Stored items
===

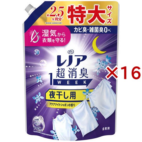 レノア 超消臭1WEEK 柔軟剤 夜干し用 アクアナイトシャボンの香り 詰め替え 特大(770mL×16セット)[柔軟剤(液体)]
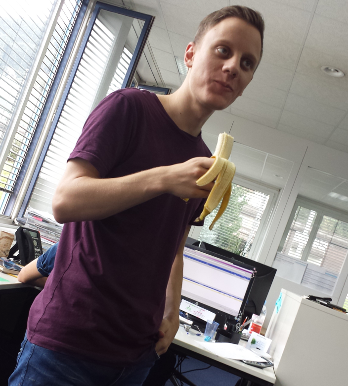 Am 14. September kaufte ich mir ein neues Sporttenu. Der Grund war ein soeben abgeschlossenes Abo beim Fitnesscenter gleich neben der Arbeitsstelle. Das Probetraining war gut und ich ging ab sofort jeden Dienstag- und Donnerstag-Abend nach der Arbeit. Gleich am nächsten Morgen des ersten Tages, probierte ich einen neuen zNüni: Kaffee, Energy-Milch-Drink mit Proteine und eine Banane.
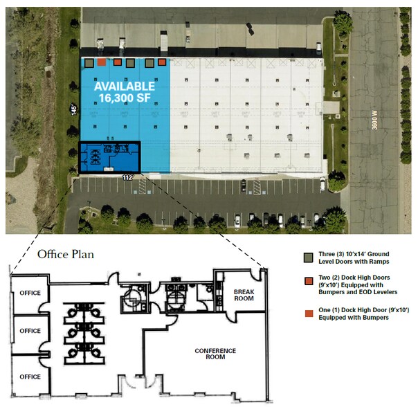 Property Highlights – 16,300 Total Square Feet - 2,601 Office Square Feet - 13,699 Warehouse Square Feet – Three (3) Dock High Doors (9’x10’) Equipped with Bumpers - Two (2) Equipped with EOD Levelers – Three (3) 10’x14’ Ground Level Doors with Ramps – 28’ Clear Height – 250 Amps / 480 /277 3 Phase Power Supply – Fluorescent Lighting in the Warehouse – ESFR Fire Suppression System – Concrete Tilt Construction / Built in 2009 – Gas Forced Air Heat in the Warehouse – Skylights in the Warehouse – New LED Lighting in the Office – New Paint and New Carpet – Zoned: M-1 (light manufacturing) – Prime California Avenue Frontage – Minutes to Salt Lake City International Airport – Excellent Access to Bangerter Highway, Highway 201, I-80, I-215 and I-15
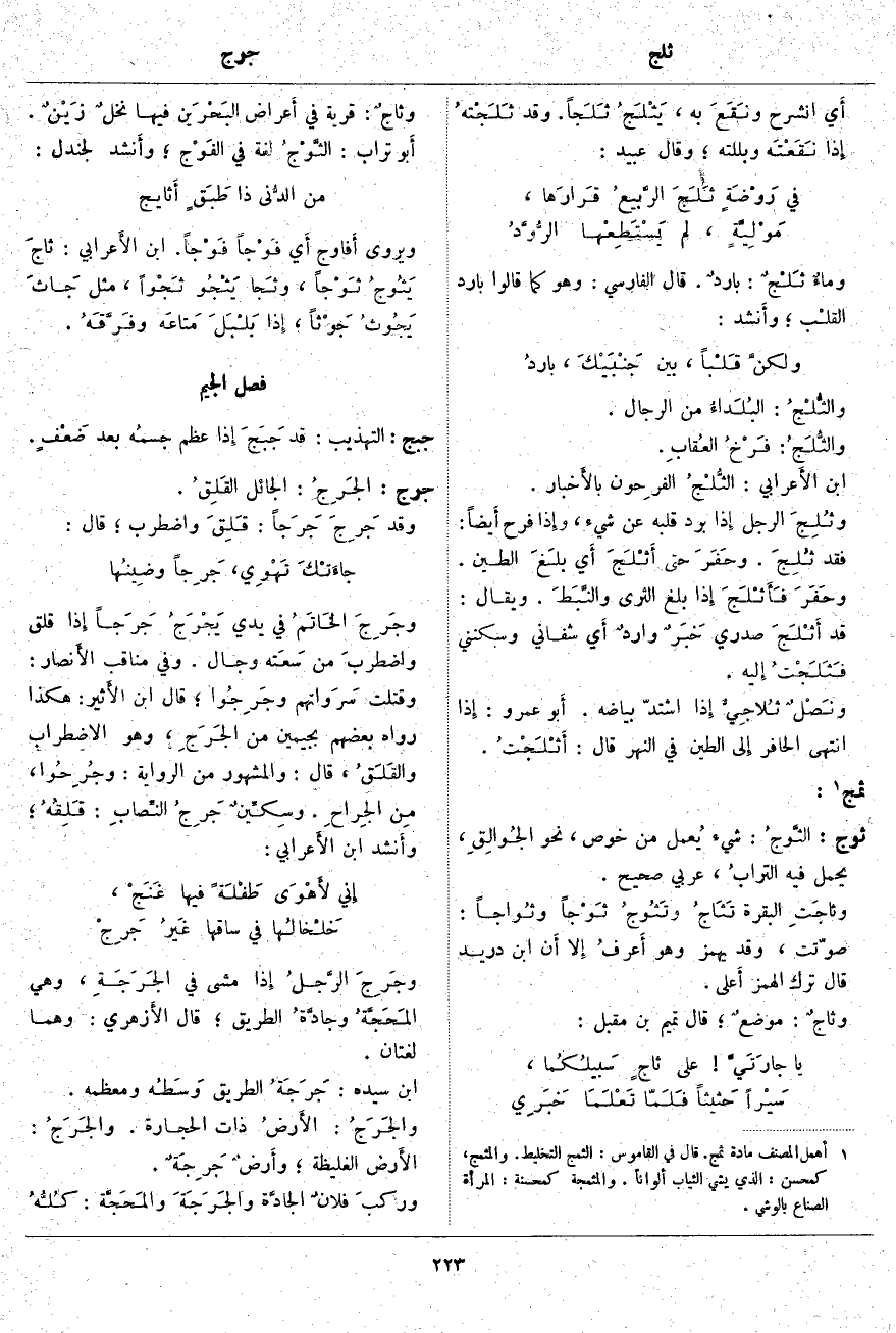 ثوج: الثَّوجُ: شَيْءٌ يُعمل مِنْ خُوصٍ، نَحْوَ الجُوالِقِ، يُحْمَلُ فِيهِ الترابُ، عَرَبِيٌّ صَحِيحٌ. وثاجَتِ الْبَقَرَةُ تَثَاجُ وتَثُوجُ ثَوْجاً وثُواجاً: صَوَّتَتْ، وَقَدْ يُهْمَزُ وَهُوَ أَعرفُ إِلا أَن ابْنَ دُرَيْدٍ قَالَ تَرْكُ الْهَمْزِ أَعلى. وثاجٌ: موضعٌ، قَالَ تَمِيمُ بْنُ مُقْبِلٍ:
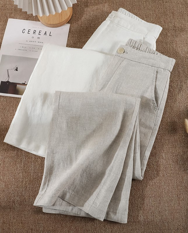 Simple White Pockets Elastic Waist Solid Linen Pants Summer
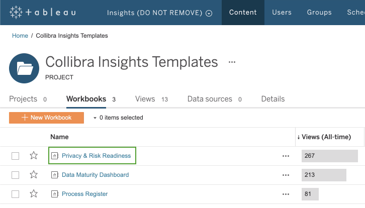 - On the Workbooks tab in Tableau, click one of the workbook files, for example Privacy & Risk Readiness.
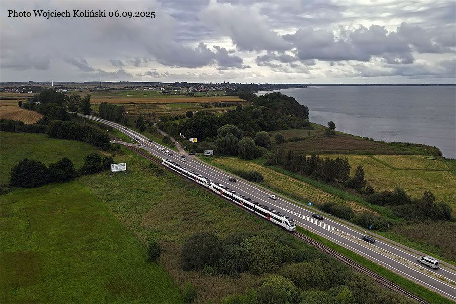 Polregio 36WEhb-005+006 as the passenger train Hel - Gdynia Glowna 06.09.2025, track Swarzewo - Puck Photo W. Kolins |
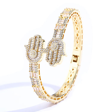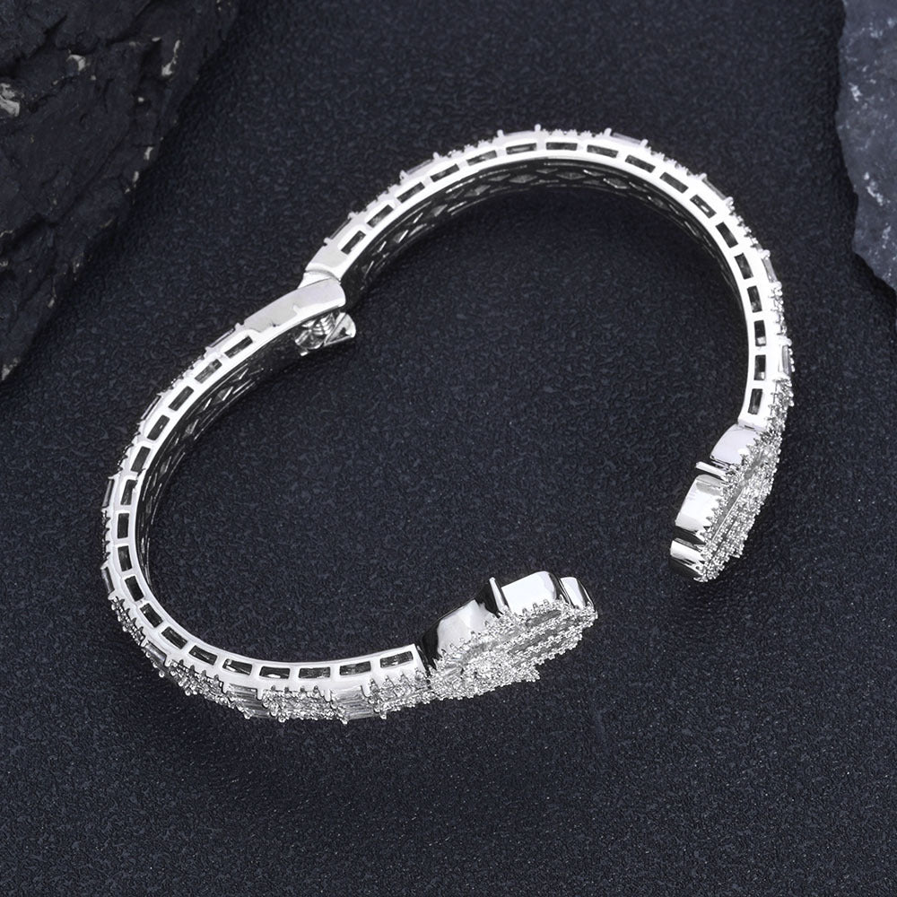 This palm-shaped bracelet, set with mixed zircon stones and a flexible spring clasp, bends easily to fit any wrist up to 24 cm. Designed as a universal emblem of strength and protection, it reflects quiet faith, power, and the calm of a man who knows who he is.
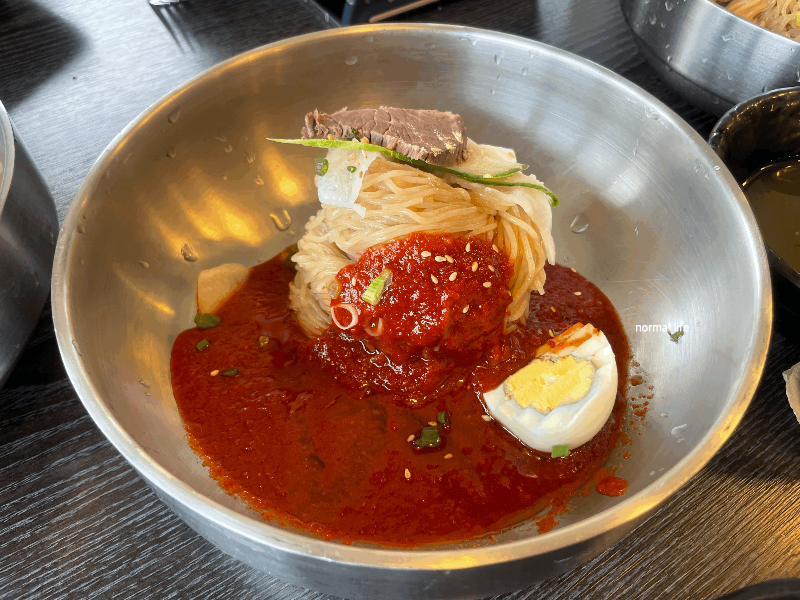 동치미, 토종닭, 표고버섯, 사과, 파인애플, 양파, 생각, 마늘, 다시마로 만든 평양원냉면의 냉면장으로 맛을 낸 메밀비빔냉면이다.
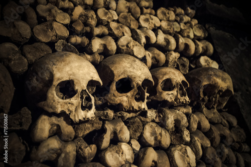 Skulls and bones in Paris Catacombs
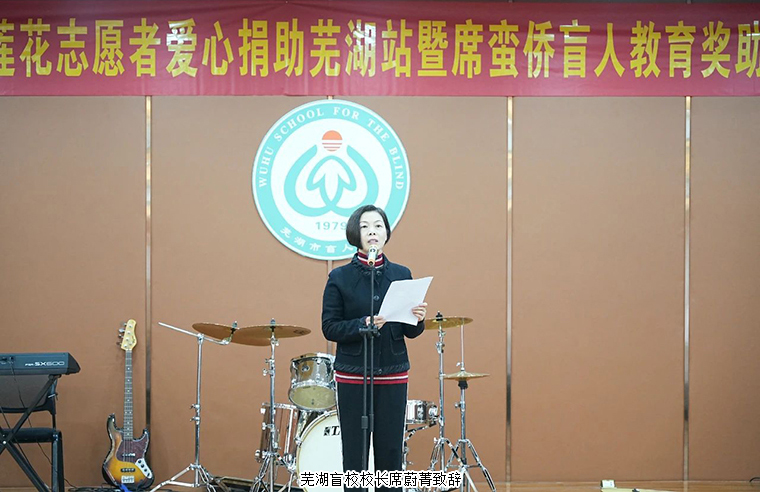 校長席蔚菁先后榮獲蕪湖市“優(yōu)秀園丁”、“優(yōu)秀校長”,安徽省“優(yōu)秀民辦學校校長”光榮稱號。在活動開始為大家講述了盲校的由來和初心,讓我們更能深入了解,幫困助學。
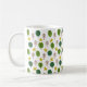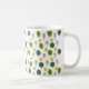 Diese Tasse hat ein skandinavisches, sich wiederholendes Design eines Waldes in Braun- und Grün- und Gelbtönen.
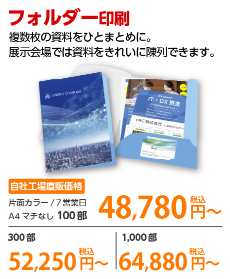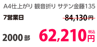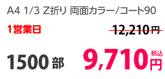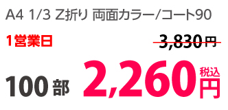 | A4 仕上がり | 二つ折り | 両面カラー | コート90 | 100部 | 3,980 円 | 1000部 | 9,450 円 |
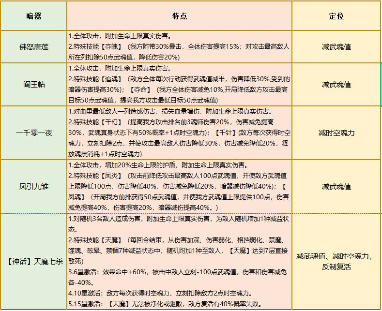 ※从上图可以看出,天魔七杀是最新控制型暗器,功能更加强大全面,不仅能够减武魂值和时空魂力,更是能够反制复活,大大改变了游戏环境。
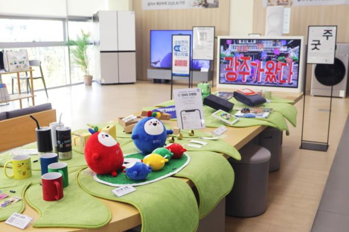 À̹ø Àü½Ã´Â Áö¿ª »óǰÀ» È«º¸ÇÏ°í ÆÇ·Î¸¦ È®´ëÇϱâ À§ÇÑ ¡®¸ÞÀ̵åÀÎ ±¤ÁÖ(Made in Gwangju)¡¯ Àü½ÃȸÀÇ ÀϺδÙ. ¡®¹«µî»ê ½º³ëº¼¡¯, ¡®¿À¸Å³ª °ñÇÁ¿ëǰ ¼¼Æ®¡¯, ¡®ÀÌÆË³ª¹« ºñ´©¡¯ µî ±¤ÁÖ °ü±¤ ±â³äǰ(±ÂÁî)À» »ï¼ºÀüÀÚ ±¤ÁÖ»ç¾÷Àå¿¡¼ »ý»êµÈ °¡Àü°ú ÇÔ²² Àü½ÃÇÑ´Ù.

===

- _Assignment_: Write the lines from the line containing "Diese Tasse hat" through the last line of the data out again exactly, and only those lines; pictures stay out.

- _Task output_:
 Diese Tasse hat ein skandinavisches, sich wiederholendes Design eines Waldes in Braun- und Grün- und Gelbtönen.
 | A4 仕上がり | 二つ折り | 両面カラー | コート90 | 100部 | 3,980 円 | 1000部 | 9,450 円 |
 ※从上图可以看出,天魔七杀是最新控制型暗器,功能更加强大全面,不仅能够减武魂值和时空魂力,更是能够反制复活,大大改变了游戏环境。
 À̹ø Àü½Ã´Â Áö¿ª »óǰÀ» È«º¸ÇÏ°í ÆÇ·Î¸¦ È®´ëÇϱâ À§ÇÑ ¡®¸ÞÀ̵åÀÎ ±¤ÁÖ(Made in Gwangju)¡¯ Àü½ÃȸÀÇ ÀϺδÙ. ¡®¹«µî»ê ½º³ëº¼¡¯, ¡®¿À¸Å³ª °ñÇÁ¿ëǰ ¼¼Æ®¡¯, ¡®ÀÌÆË³ª¹« ºñ´©¡¯ µî ±¤ÁÖ °ü±¤ ±â³äǰ(±ÂÁî)À» »ï¼ºÀüÀÚ ±¤ÁÖ»ç¾÷Àå¿¡¼ »ý»êµÈ °¡Àü°ú ÇÔ²² Àü½ÃÇÑ´Ù.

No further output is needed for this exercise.